According to details shared by The Big Whale and highlighted by journalist Raphaël Bloch, the bill envisions establishing a public administrative body tasked with managing a reserve equal to 2% of Bitcoin’s total supply, approximately 420,000 BTC, over a period of seven to eight years. The reserve would serve as both a diversification tool for France’s foreign exchange holdings and a hedge against global monetary instability, reinforcing the country’s financial sovereignty.
BREAKING: 🇫🇷 French politician Éric Ciotti introduced a bill to adapt “the new monetary order by embracing Bitcoin and crypto.” pic.twitter.com/fS7ILfhPq3
— Bitcoin Magazine (@BitcoinMagazine) October 28, 2025
The proposal outlines three key funding mechanisms:
- Public mining operations powered by France’s nuclear and hydroelectric surplus energy, leveraging the country’s strong renewable infrastructure.
- Retention of seized Bitcoin assets from criminal or judicial proceedings.
- Redirecting a small fraction of public savings from national accounts such as Livret A and LDDS toward Bitcoin acquisition.
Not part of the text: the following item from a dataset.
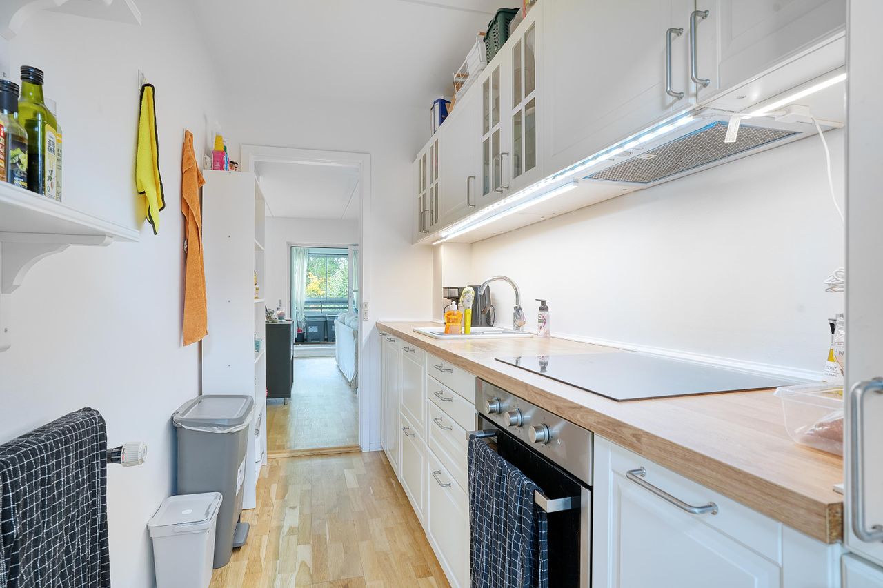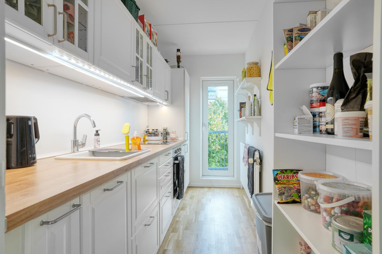 Efter badeværelset kommer køkkenet med både overskabe, skuffer, en flot bordplade og alle nødvendige hvidevarer til at få hverdagen til at fungere optimalt.

Ciotti’s National Rally party has also endorsed the concept of nuclear-powered Bitcoin mining, proposing the installation of high-performance mining computers at EDF nuclear plants. Proponents argue this approach is both energy-efficient and environmentally sustainable, turning excess power into a strategic digital asset.
If enacted, the legislation would represent a seismic policy shift for the Eurozone, effectively making France the first EU nation to formally accumulate Bitcoin as part of its state reserve strategy.
Analysts suggest the move could trigger a domino effect across Europe, encouraging other governments to explore crypto-based monetary diversification in an era of rising digital finance and de-dollarization.